My Grandfather’s Transistor Radio Became a Lifeline During Hurricane Sandy
That radio bonded me to my grandfather, and to God, when I was a child. Decades later, it helped keep my family safe during a disaster.
Sometimes, even my sons would pick it up and examine it with distant curiosity, as if they’d happened upon an unrecognizable relic from the past housed beneath glass in an antique shop. They have their 4G network to connect them to the world, a digital vault for their music, and a widescreen television on which they watch baseball with their grandfather. A transistor radio was of no real use to them.
That is, until the eve of Hurricane Sandy, when it became the sole lifeline connecting us to the outside world. “Well, I guess that finally came in handy,” each of the boys conceded in turn, their recognition at last that the future does not hold exclusive rights to all that is worthy.
On that first night of the storm one year ago, amid the howling winds and pounding rain, we heard a deafening blow that shook the back of our house. The windows remained intact, though we were certain that we would discover a gaping hole in our foundation as soon as it was safe to go outside.
Rain continued to fall the next morning, though gently enough to allow us to assess what had happened.

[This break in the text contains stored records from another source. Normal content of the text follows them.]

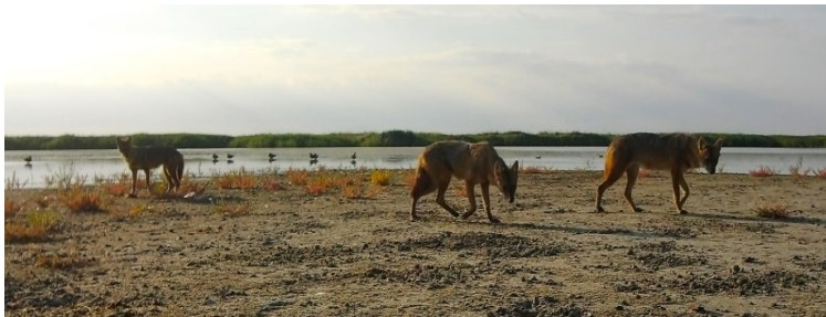
Рис. 8. Молоді шакали на ранковому полюванні на березі лиману Малий Сасик.

Fig. 7. A jackal with a mullet, which he took from a great white heron.
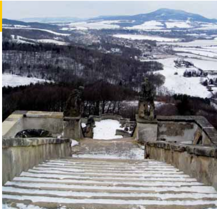
Pohled ze schodů od kaplí - okolní krajina jako na dlani.

O pár metrů dál nás čekalo další překvapení. Takzvané Ptačí domky. Jsou ukotvené ve skále a podepírají je ohromné trámy. Na druhé straně dole
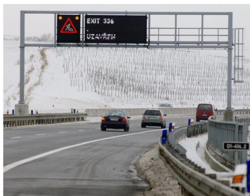
Obr. 5. Proměnná svislá značka umístěná nad vozovkou [17]

Proměnné svislé značky jsou zobrazovány na digitálním panelu umístěném většinou nad vozovkou (obr. 5.) a upevnění je obdobné jako u stálé svislé značky. Zobrazují se na nich aktuální dopravní informace, informace o počasí a proměnné značky (musí být ve stejných barvách jako stálé svislé značky). V naší republice se s těmito značkami setkáme pouze na dálnicích.
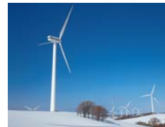
古前ウィンピラ発電所
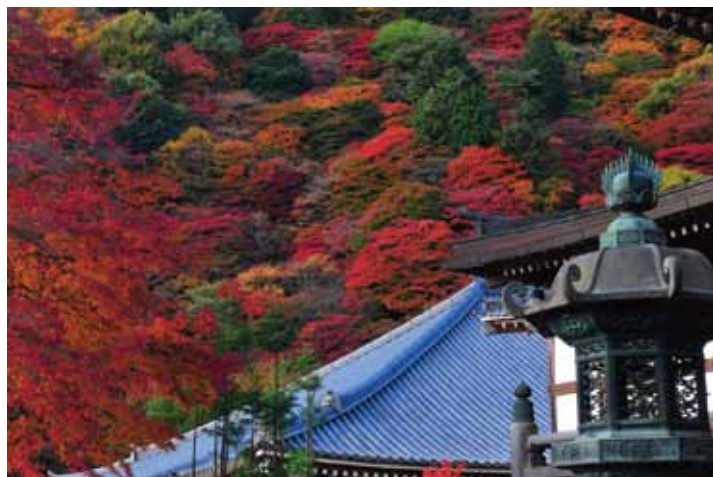
『京都 善峯寺』
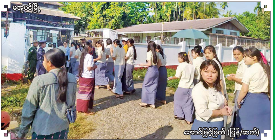
မအူဝင်မြို့
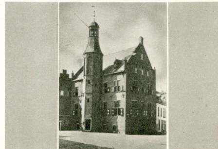
Raadhuis - 's Heerenberg

's Heerenberg was vroeger de Residentie der Graven van Bergh, het aanzienlijke geslacht, ons bekend uit de Vaderlandse geschiedenis. Het stamhuis der Graven, het Kasteel Bergh, is nog geheel in de oude trant blijven staan. Naast vele bezienswaardige oude gebouwen, zoals de Boetselaersburgh, de Ned. Herv. Kerk enz., is reeds de naaste omgeving van het kasteel rijk aan natuurschoon; de voormalige vestingwallen met eeuwenoud geboomte en de z.g. Plantage bieden de natuurliefhebber rijke wandelingen. 's Heerenberg ligt direct aan de Duitse grens.
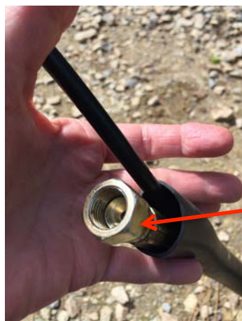
Branché le tuyau sur le pont avec une clé plate de 19
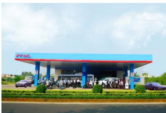
Cửa hàng xăng dầu Trung Tâm – 43 Nguyễn Tất Thành, TP Tuy Hòa, Tỉnh Phú Yên
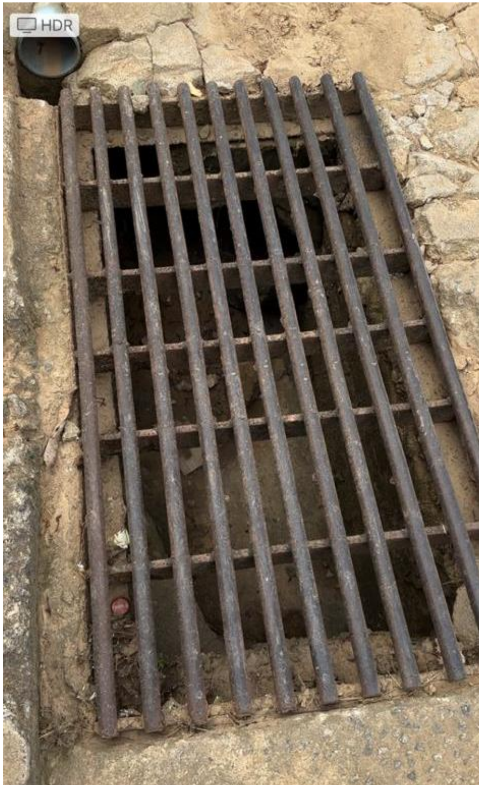
Legenda: Foto em 06/06/2023
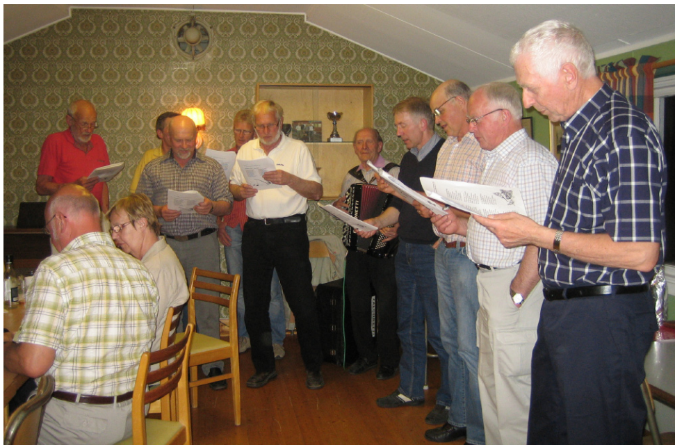
Drängarnas årliga framträdande.

Ett tillfälle att träffas under trevlig samvaro går under namnet "Bowlingfesten". I år ägde den rum fredagen den 1 maj. Drygt 20 personer, både bowlingspelare och andra, samlades vi 19-tiden i bygdegården för att avsluta bowlingsäsongen.
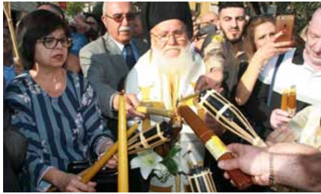
استقبال النور المقدس 2019
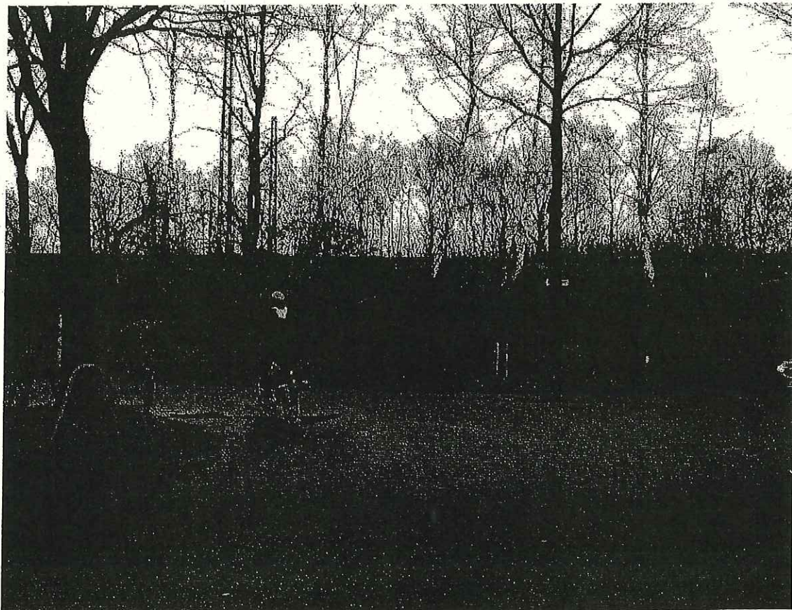
Ansicht vom Heeremansweg Ecke Münnichweg
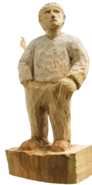
Holz, Farbe, 35 x 20 x 20 cm
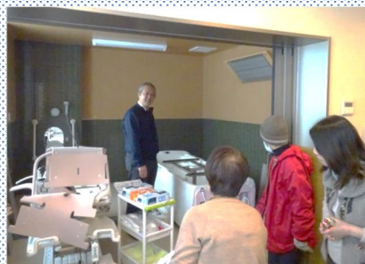
介護事業所の見学バスツアー
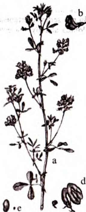
14-rasm. Beda: a) umumiy ko'rinishi; b) guli; d) dukkagi; e) urug'i

Dukkagi burama shaklda, 2-5 marotaba buralgan, 6-12 ta urug' bo'ladi. Dukkagi mayda, diametri 3-5 mm, tukli va tuksiz bo'ladi, rangi sariq, jigar va qora bo'ladi.

The enormous branch that lay there on the wet grass had snapped off the towering maple in our yard, slamming against the house, but miraculously leaving no remarkable damage. We were in shock, both at having made it through just fine and in knowing the tragic, irrevocable losses others had sustained.
It was Oct. 30, the birthday of the son who bears my grandfather’s name, and the day before my grandfather’s own birthday. We pulled the cake out of the refrigerator and invited neighbors, who stepped over felled trees and debris to join us. Meanwhile, the man who cuts our grass appeared out of nowhere with a chainsaw to haul the tree branch away in sections, leaving us a few souvenir rounds of wood he thought we might like to keep.

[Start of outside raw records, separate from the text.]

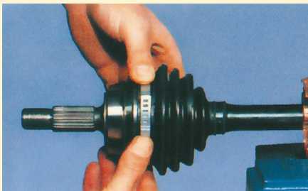
9. A rögzítő bilincset a megfelelő horonyba kell beakasztani – az erre a célra kifejlesztett bilincset (nem AWAB!).
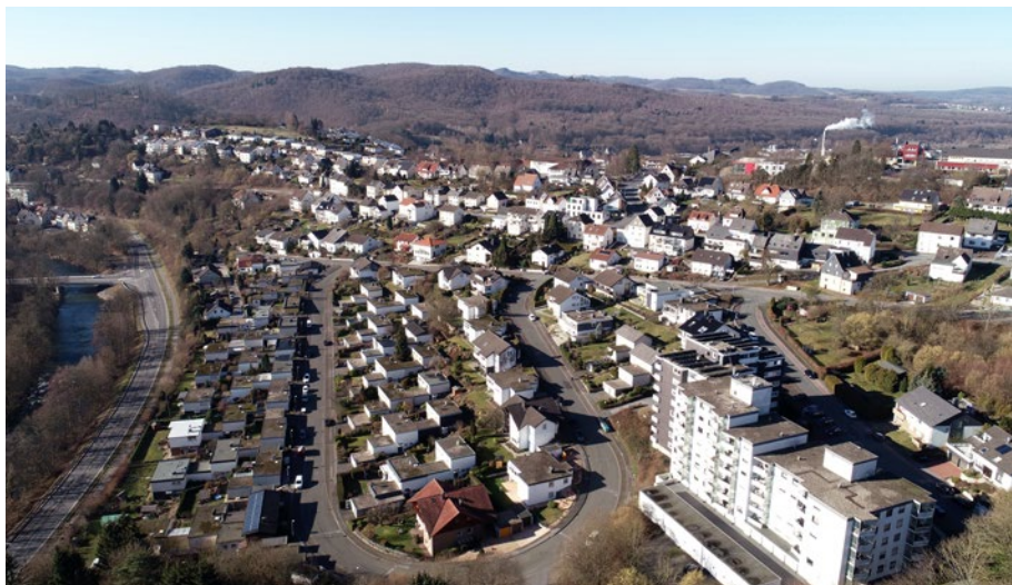
Siedlung „Klein-Jerusalem“ in Arnsberg “Little Jerusalem” is what inhabitants of Arnsberg call this estate of bungalows.

It is only when the interested public supports the urban planning sector that high-quality development of our European towns, cities and communities can take place – thus ensuring acceptance and identity-creation. The model municipality of Arnsberg took a unique path in surveying its high conservation-value building stock. The town of Arnsberg in North Rhine-Westphalia has a population of 74,000 and is on the List of German Towns and Cities with Historic Town Cores. Informational and participation programmes referred to by the town as “soft instruments” have increased appreciation for the historic
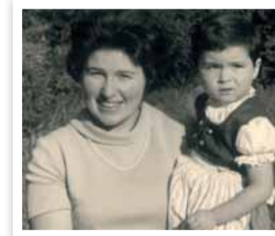
Die zwei flotten Models von der „Schönen Aussicht“
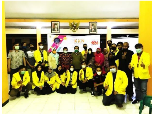
Gambar 11. Penutupan Kenang-kenangan

Over the next few weeks, we slowly resumed our lives in a fog. My husband returned to work when power was restored, and the boys went back to school once the traffic lights came back on and buses could run safely. Surprisingly, the radio never made it upstairs to my husband’s bedside table. Instead, it found its way to the bookshelf in the dining room that holds the seforim. From its new perch by the window, it has a perfect view of the tree in the yard and the progress of life in our home.